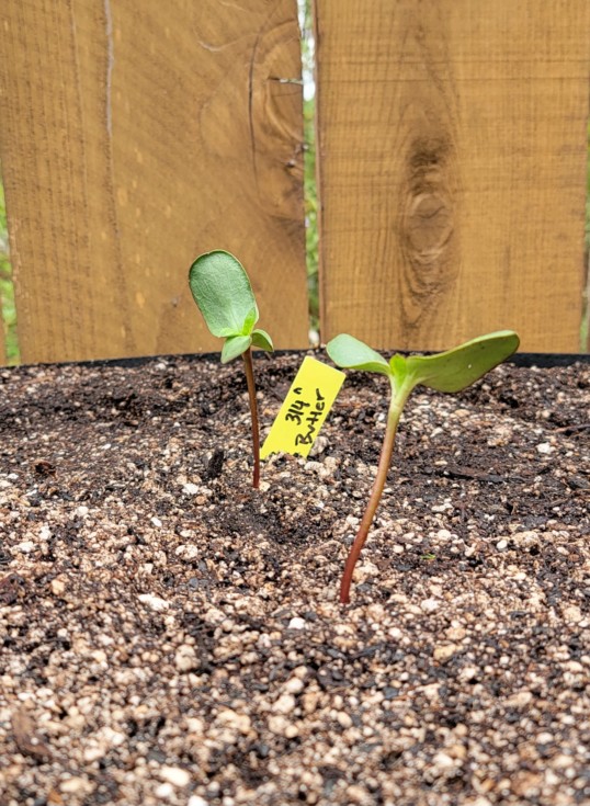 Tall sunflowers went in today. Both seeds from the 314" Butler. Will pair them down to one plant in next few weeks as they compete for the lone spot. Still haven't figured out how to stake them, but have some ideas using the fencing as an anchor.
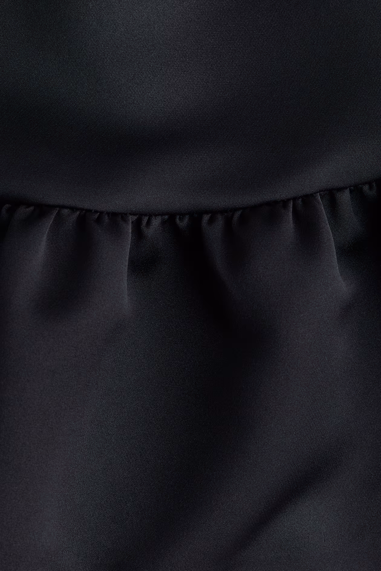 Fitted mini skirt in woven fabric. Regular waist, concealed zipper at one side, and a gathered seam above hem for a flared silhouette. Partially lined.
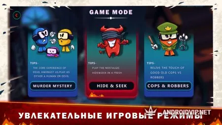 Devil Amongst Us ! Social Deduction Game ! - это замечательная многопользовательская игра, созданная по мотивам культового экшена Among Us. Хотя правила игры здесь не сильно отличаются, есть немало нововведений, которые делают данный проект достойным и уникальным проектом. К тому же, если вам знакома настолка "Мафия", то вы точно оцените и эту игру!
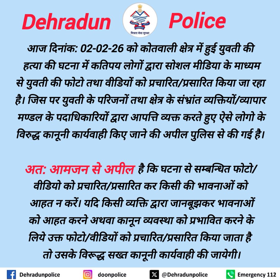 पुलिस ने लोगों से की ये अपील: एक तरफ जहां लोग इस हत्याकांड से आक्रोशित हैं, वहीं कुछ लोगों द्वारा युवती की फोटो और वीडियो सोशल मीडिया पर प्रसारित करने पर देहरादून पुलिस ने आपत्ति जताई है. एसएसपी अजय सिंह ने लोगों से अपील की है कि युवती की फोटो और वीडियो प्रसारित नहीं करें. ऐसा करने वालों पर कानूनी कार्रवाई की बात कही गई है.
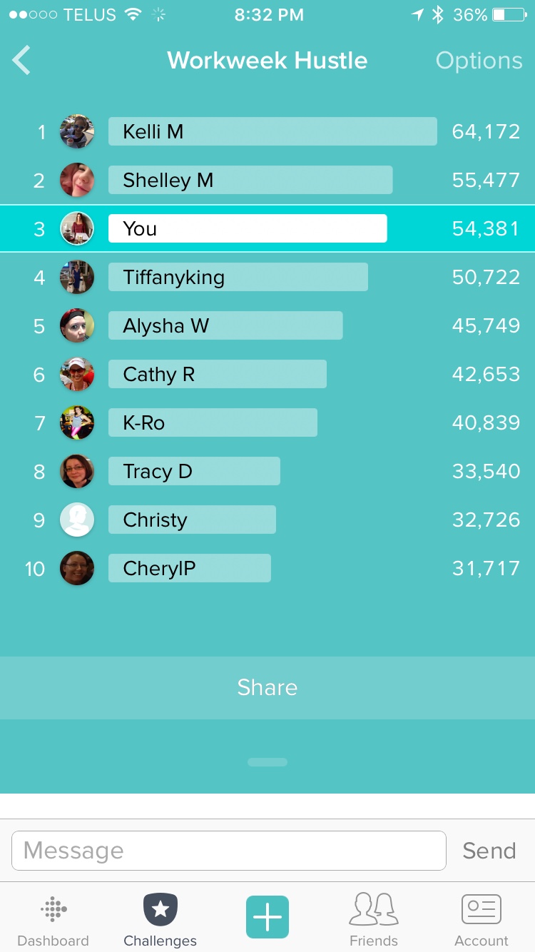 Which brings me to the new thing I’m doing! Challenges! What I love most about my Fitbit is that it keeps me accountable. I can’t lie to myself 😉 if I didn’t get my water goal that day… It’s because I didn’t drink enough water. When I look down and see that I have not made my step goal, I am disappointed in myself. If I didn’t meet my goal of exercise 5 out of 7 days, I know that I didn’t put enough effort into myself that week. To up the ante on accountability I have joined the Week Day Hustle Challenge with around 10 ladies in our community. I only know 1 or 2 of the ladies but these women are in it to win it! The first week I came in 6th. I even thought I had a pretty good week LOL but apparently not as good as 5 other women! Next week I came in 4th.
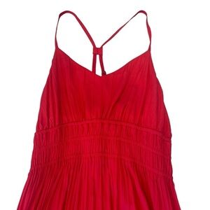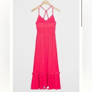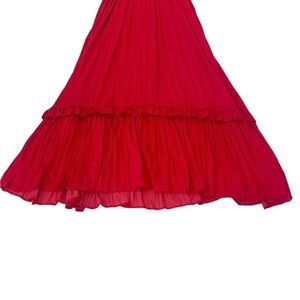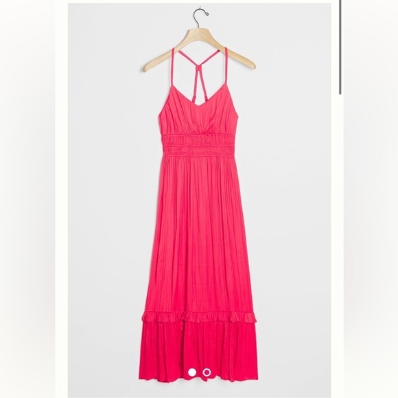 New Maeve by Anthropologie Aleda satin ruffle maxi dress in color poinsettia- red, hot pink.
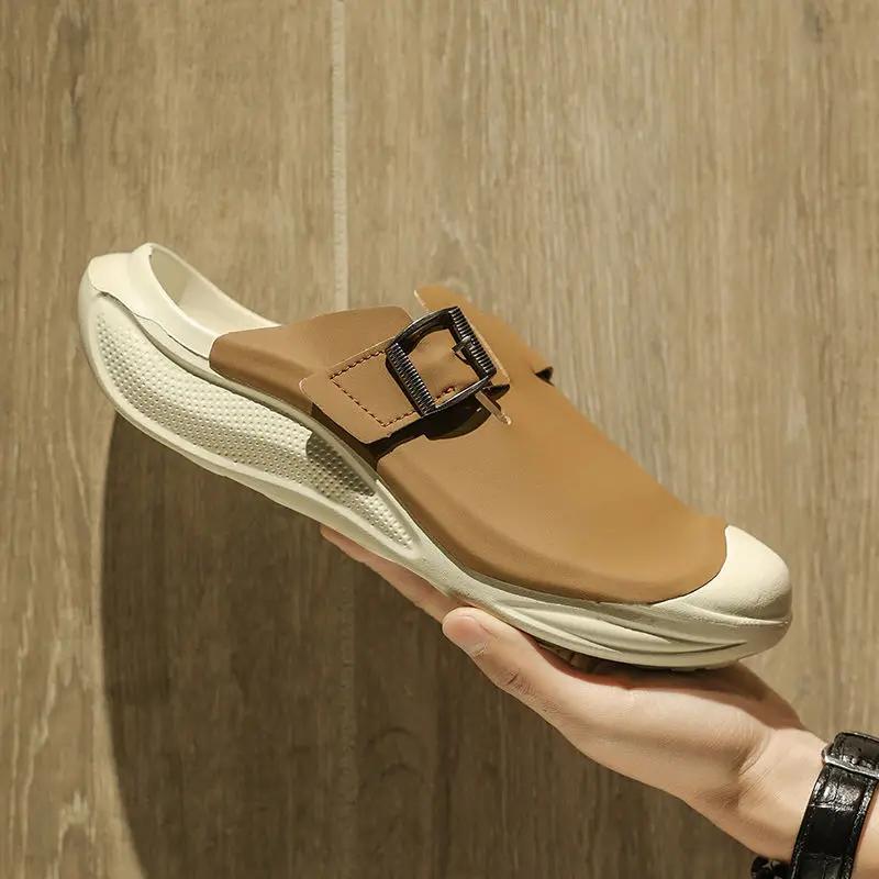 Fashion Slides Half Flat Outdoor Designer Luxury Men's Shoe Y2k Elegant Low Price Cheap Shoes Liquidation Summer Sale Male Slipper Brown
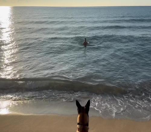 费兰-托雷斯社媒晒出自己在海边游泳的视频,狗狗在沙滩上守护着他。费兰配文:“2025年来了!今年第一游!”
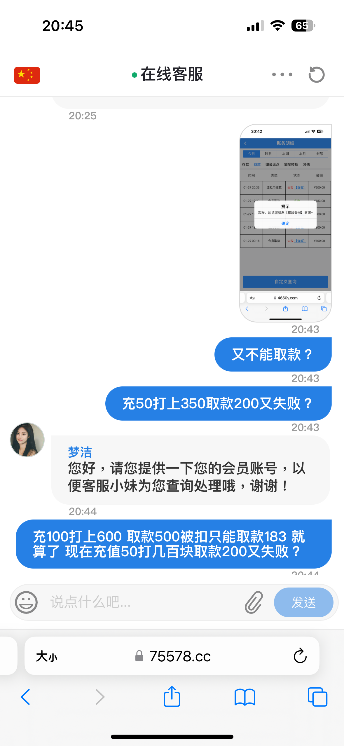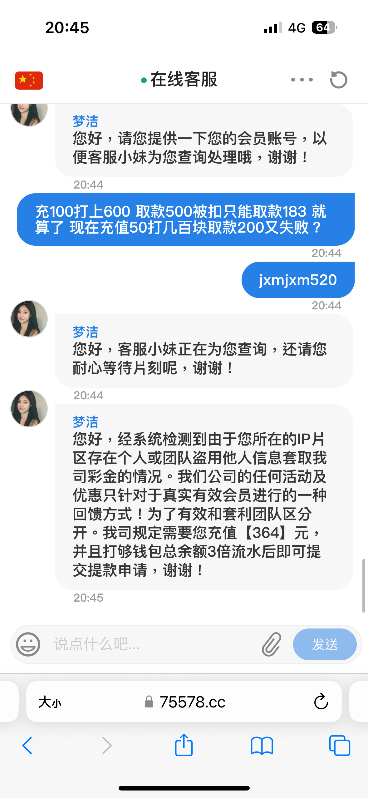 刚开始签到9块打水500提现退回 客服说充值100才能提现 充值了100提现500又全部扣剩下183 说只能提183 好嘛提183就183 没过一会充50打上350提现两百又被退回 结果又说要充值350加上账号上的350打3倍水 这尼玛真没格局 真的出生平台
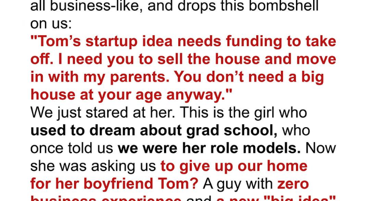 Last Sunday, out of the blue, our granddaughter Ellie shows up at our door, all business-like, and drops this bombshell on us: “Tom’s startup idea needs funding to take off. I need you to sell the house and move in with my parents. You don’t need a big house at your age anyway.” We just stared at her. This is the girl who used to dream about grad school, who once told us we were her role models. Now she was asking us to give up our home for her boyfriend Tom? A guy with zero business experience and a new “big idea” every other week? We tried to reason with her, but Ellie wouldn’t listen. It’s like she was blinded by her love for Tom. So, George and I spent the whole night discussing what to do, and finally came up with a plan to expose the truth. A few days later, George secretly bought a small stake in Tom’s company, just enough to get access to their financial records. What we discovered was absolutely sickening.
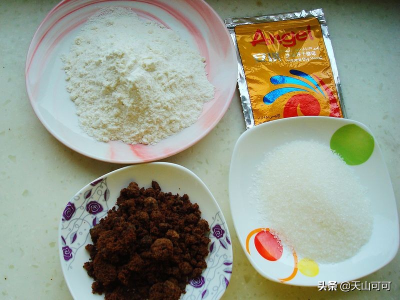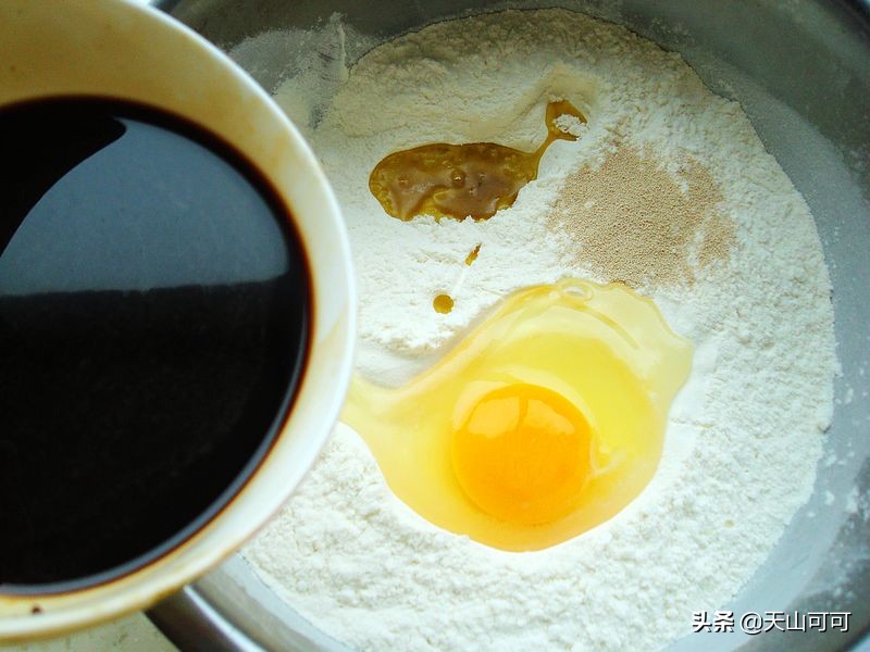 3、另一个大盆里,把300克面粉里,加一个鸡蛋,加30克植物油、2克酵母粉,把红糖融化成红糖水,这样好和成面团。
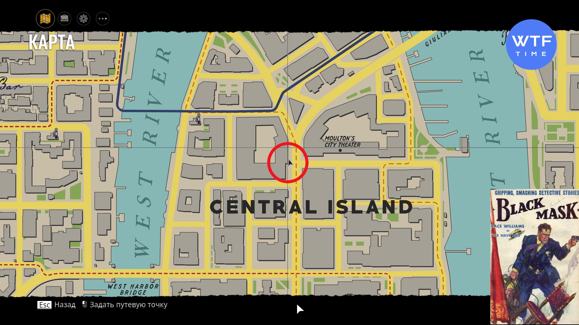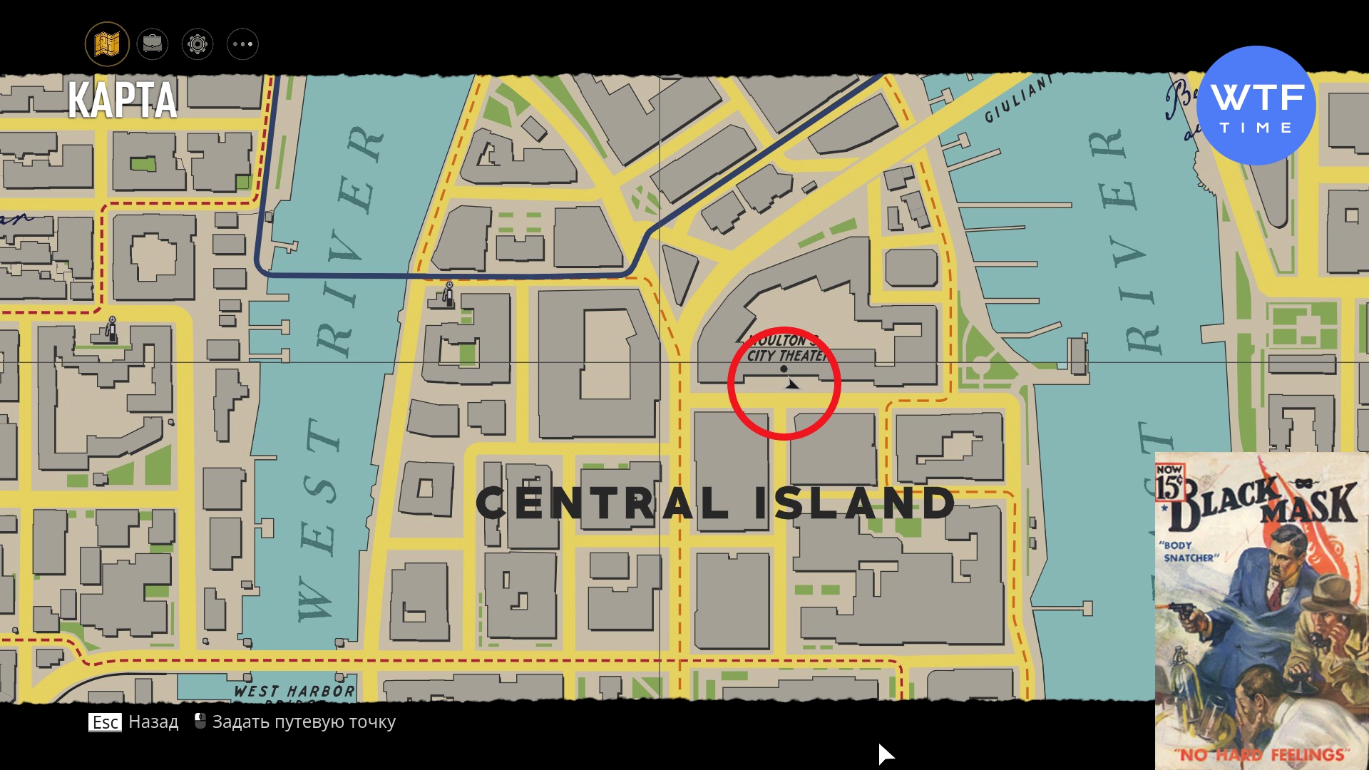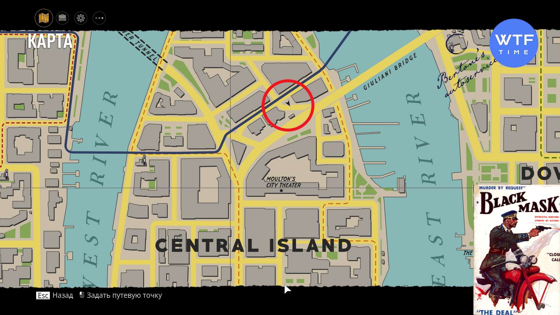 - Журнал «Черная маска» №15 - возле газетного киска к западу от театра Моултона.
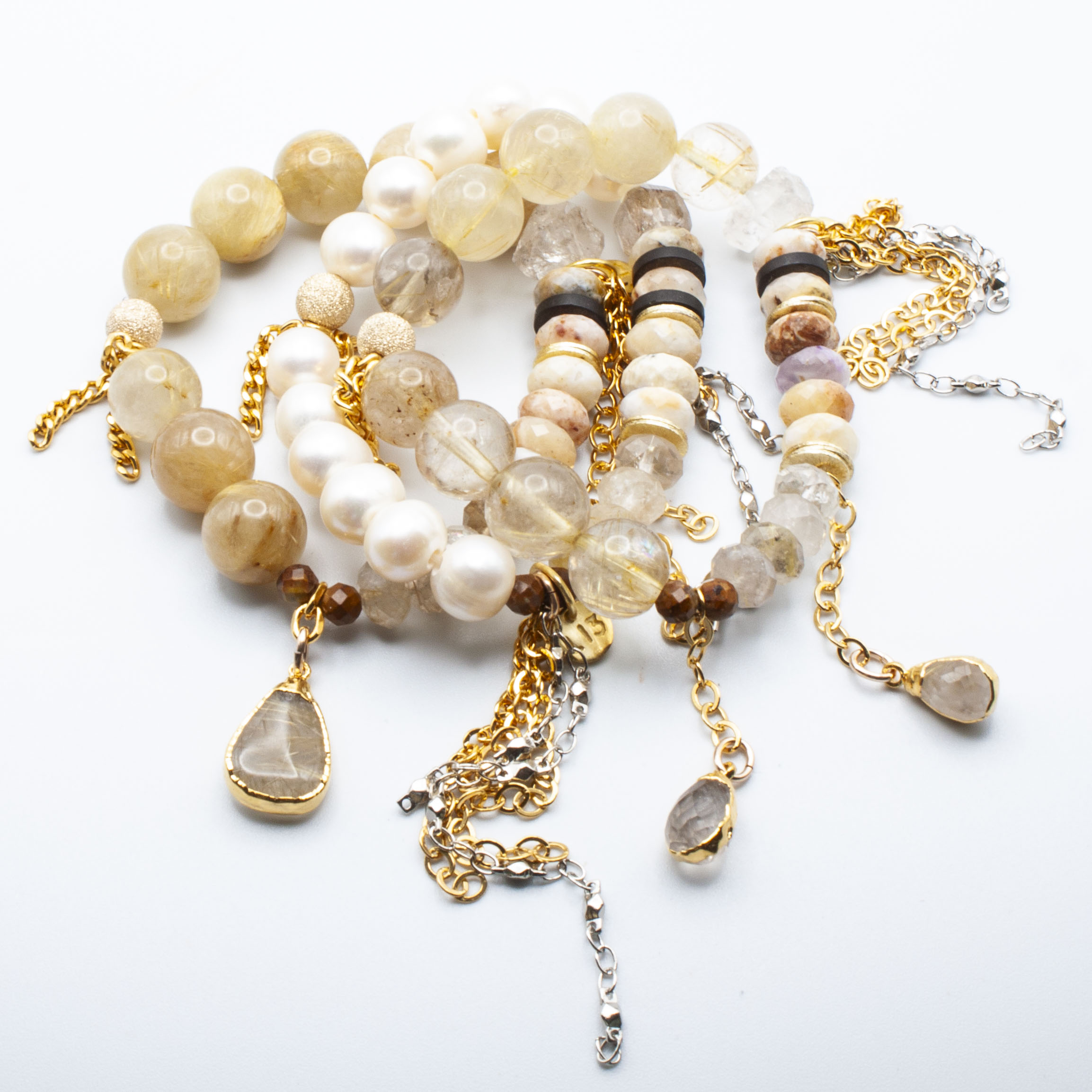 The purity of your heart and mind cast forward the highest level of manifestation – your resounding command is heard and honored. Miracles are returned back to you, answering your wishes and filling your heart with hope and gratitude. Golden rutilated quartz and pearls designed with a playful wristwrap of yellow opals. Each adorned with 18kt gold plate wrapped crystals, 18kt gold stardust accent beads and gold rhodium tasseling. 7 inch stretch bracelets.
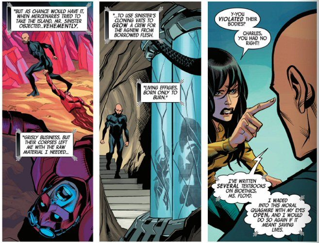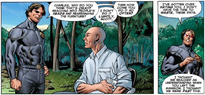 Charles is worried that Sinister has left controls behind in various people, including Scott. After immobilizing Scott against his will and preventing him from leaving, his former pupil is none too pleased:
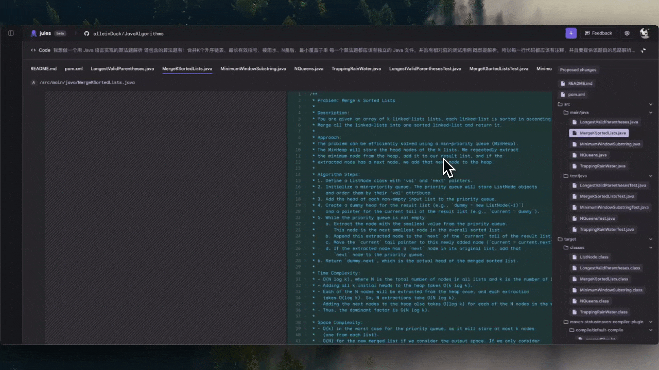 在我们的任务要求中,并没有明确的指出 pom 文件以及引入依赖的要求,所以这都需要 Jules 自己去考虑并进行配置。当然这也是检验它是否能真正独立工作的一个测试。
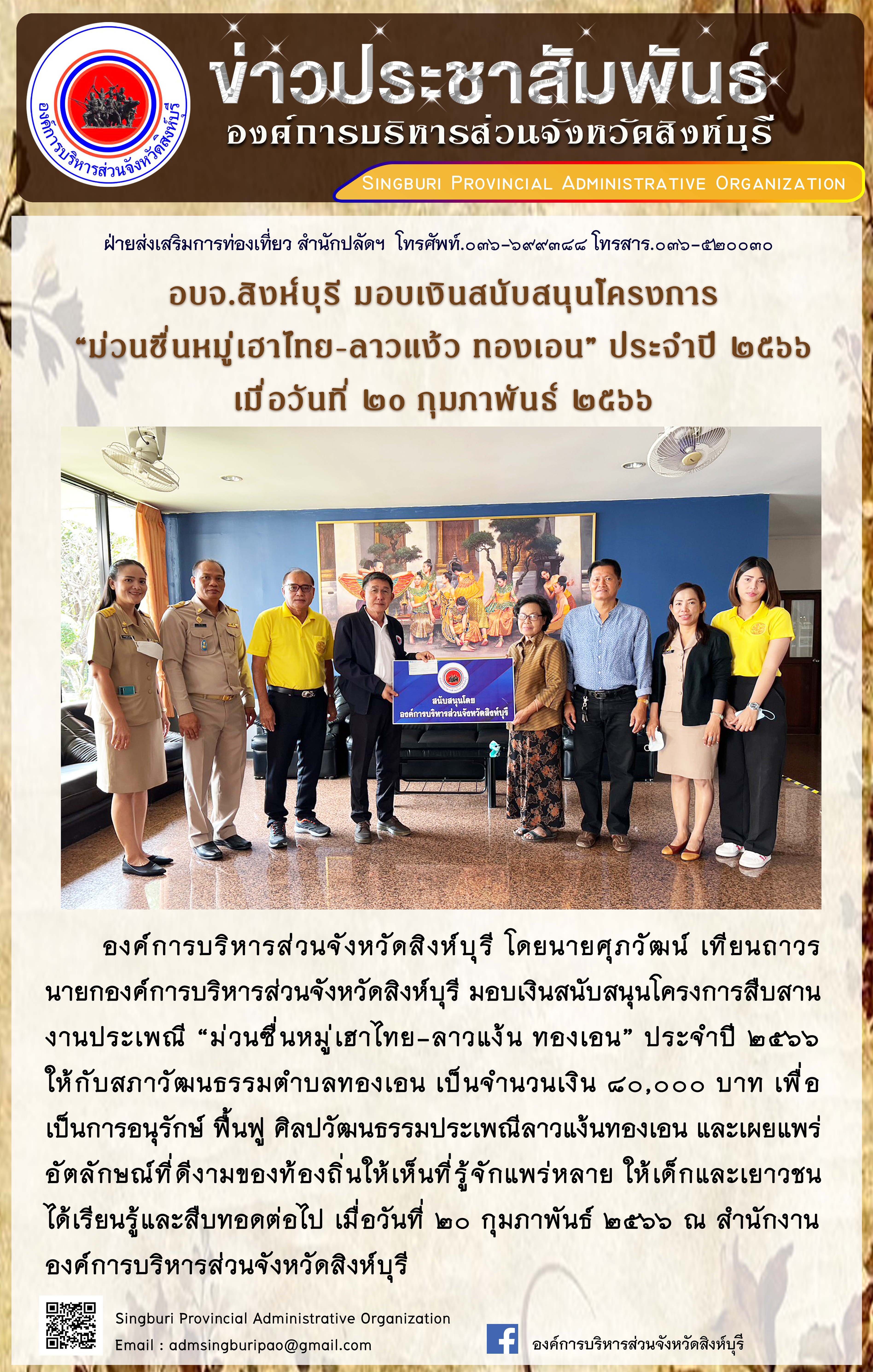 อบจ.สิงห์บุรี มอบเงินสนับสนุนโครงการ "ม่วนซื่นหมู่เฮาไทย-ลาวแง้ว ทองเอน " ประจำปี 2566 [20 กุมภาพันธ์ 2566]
+++
Repeat, word for word and with no pictures, only the lines running from the beginning of the data to the line that contains "पुलिस ने लोगों".

### Task answer
 Tall sunflowers went in today. Both seeds from the 314" Butler. Will pair them down to one plant in next few weeks as they compete for the lone spot. Still haven't figured out how to stake them, but have some ideas using the fencing as an anchor.
 Fitted mini skirt in woven fabric. Regular waist, concealed zipper at one side, and a gathered seam above hem for a flared silhouette. Partially lined.
 Devil Amongst Us ! Social Deduction Game ! - это замечательная многопользовательская игра, созданная по мотивам культового экшена Among Us. Хотя правила игры здесь не сильно отличаются, есть немало нововведений, которые делают данный проект достойным и уникальным проектом. К тому же, если вам знакома настолка "Мафия", то вы точно оцените и эту игру!
 पुलिस ने लोगों से की ये अपील: एक तरफ जहां लोग इस हत्याकांड से आक्रोशित हैं, वहीं कुछ लोगों द्वारा युवती की फोटो और वीडियो सोशल मीडिया पर प्रसारित करने पर देहरादून पुलिस ने आपत्ति जताई है. एसएसपी अजय सिंह ने लोगों से अपील की है कि युवती की फोटो और वीडियो प्रसारित नहीं करें. ऐसा करने वालों पर कानूनी कार्रवाई की बात कही गई है.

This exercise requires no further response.